Officials said that Trump was able appoint Mulvaney to the interim position under a law called the Federal Vacancies Reform Act. The 1998 law says that the president can appoint an “acting official” to temporarily fill a position that requires an appointment by the president, unless another law expressly calls for an alternative means of filling said position.

For his part, Trump himself weighed in over the weekend, calling the agency a “total disaster” under Cordray and promising to “bring it back to life,” which prompted a rebuttal from Warren, who said the CFPB was an example of “government that works for the people.”

Before his appointment as OMB director, Mulvaney was among a number of Republicans in Congress who fought against the CFPB, calling the agency a “sick, sad” joke and cosponsoring legislation to get rid of it altogether.
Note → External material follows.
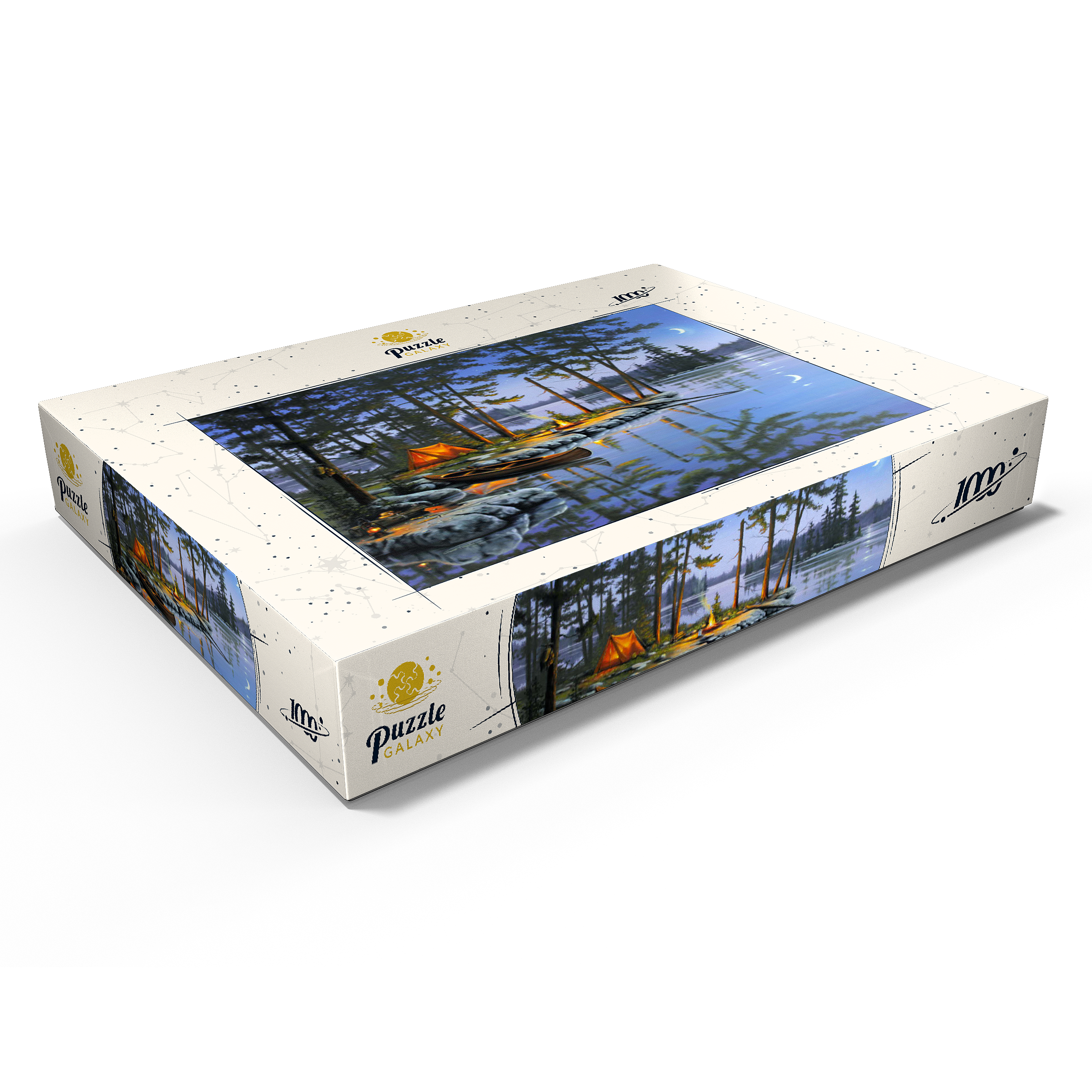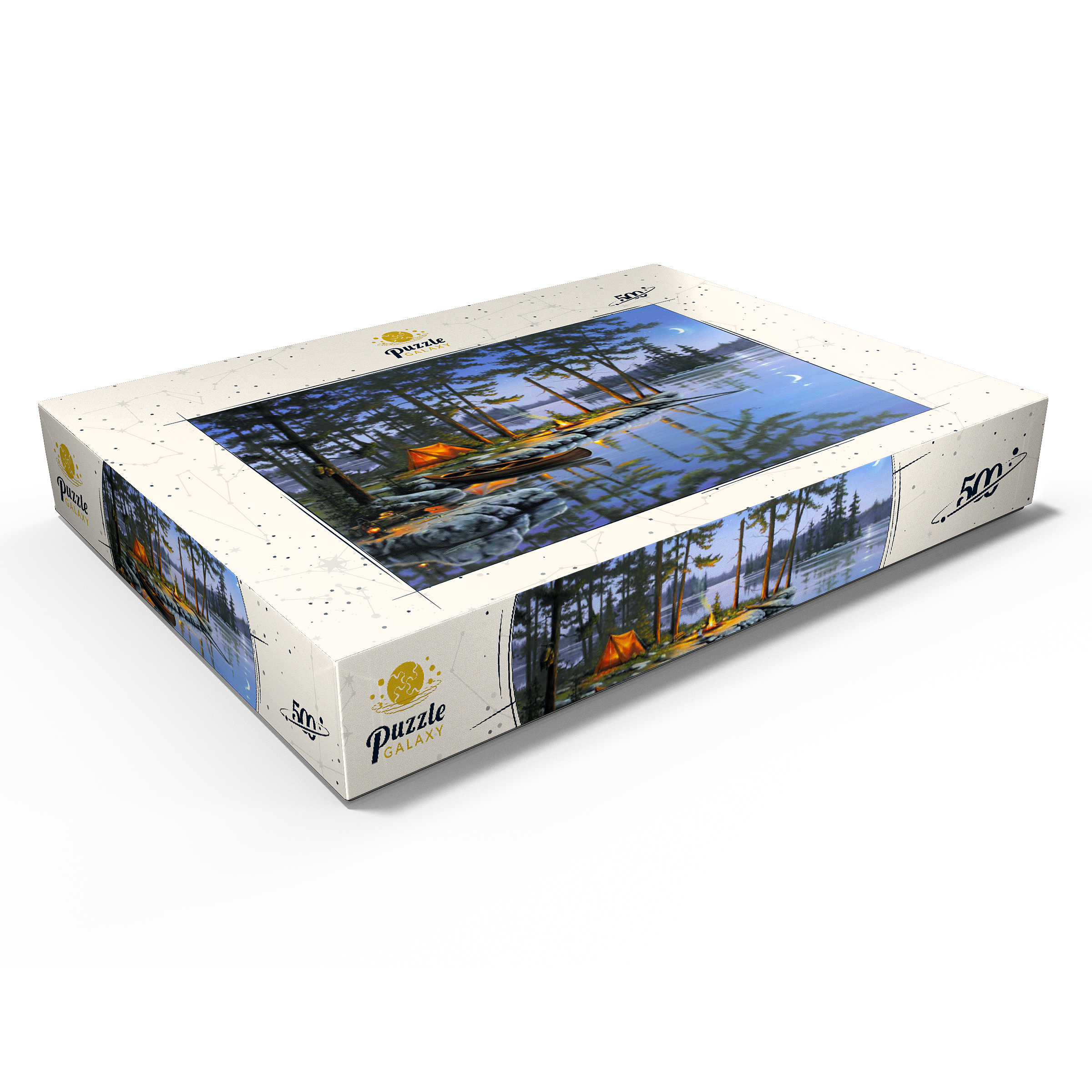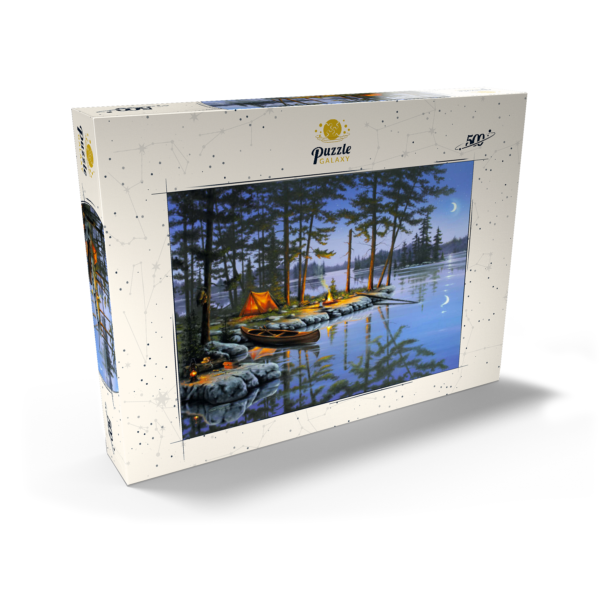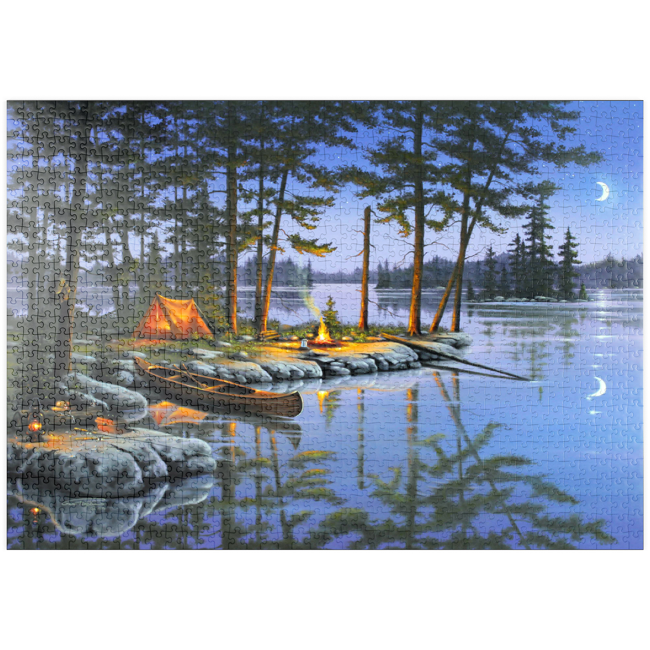Eine ruhige Szene am See, die die Essenz des Campings im Freien einfängt. Das leuchtende Lagerfeuer wirft ein warmes Licht auf die umliegenden Kiefern und ein gemütliches orangefarbenes Zelt. Ein Holzkanu liegt am Ufer und spiegelt sich in der ruhigen Seeoberfläche. Angelausrüstung und Laternen tragen zum rustikalen Charme bei. Der Halbmond und der sternenklare Himmel schaffen eine friedliche Atmosphäre, während entfernte Inseln und hohe Kiefern die Schönheit dieses Rückzugsortes in der Wildnis unterstreichen.

“I don’t like the fact that CFPB exists, I’ll be perfectly honest with you,” Mulvaney said during a 2015 congressional hearing.

The prospect of Mulvaney leading the CFPB alarmed the consumer agency’s progressive supporters. But regardless of their opposition to Mulvaney himself, many — including English and the some of the agency’s founders — argue that Trump doesn’t have the authority to appoint an interim CFPB director in the first place.

What is the argument that English is the acting director?

After the two dueling appointments were made last week, supporters of English argued that the CFPB was exempt from the Vacancies Act, in keeping with the agency’s broad independence. Warren, for example, tweeted that Trump can’t legally override Dodd-Frank, which states the deputy director shall serve as acting director in the “absence or unavailability” of the director.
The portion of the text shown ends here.